Berkshire Investors Advised to Withhold Votes on Four Directors
(Bloomberg) -- Berkshire Hathaway Inc. investors should withhold votes for four board members because of ineffective oversight on compensation, proxy-advisory firm Institutional Shareholder Services said.
Executive pay at Berkshire “lacks a measurable link to company performance,” ISS said in a report dated April 16. Two vice chairman at Berkshire, Gregory Abel and Ajit Jain, each receive base salaries of $16 million -- among the highest of any executive at a U.S. company, according to the report.

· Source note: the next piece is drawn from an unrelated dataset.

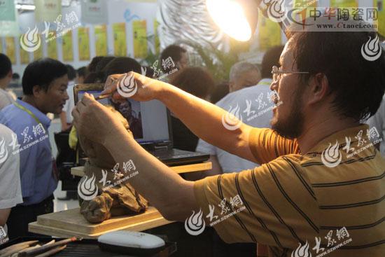 進入陶博會當代國窯展現(xiàn)場,不少市民首先被一陣“叮叮咚咚”的聲音吸引。這是十余位刻瓷大師們正在采用純手工技法,精心刻制瓷盤。另一側,是制陶大師們現(xiàn)場制陶。有的在做花瓶,有的在制瓷盤,還有一位大師在塑造陶像。市民王先生驚奇的稱贊:“這位師傅看人的照片就能塑造陶像,而且如此惟妙惟肖,真神啦!”還有不少陶瓷工藝美術大師當場在花瓶瓷盤上勾勒作畫,引得大家駐足欣賞。“China,中國,瓷器,真的是一項偉大的藝術!”加拿大留學生麥克由衷贊嘆。

Without an option to vote on compensation directly, ISS recommended shareholders withhold support for the four directors because they serve on the conglomerate’s governance, compensation and nominating committee. The advisory applies to Susan Decker, David Gottesman, Walter Scott Jr. and Meryl Witmer.
“Proxy statement disclosure of compensation decisions continues to be minimal, raising questions over whether the compensation committee is providing effective oversight,” ISS said.

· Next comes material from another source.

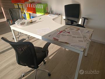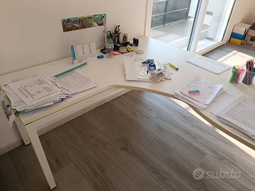dimensioni: 180 x 160 cm Le scrivanie sono in buone condizioni e vengono vendute viste e piaciute. Prezzo: €230 ciascuna €400 per entrambe Ritiro a carico dell’acquirente direttamente in ufficio. Per informazioni, contattare in privato

The Financial Times previously reported the ISS recommendation. Representatives for Berkshire didn’t immediately respond to a request for comment.
Last week, the California Public Employees’ Retirement System said it was opposing several board members due to what it said were failures related to Berkshire’s environmental disclosures. Investment manager Neuberger Berman Group LLC disclosed Friday that it voted against several directors because it wants the company to improve environmental, social and governance practices and objects to the board’s structure.

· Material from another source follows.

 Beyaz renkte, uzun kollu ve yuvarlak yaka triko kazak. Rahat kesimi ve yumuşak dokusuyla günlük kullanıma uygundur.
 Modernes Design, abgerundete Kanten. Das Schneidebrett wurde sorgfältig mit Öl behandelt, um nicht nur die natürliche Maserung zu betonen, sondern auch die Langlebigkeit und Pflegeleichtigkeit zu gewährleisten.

ISS also recommended shareholders vote in favor of a proposal submitted by Calpers, Federated Hermes Inc. and Caisse de Depot et Placement du Quebec seeking a report on climate-related risk. The shareholder adviser likewise backed a resolution that would require Berkshire to report on its diversity and inclusion efforts. Berkshire’s board said in a March 15 proxy statement that it unanimously opposed both measures.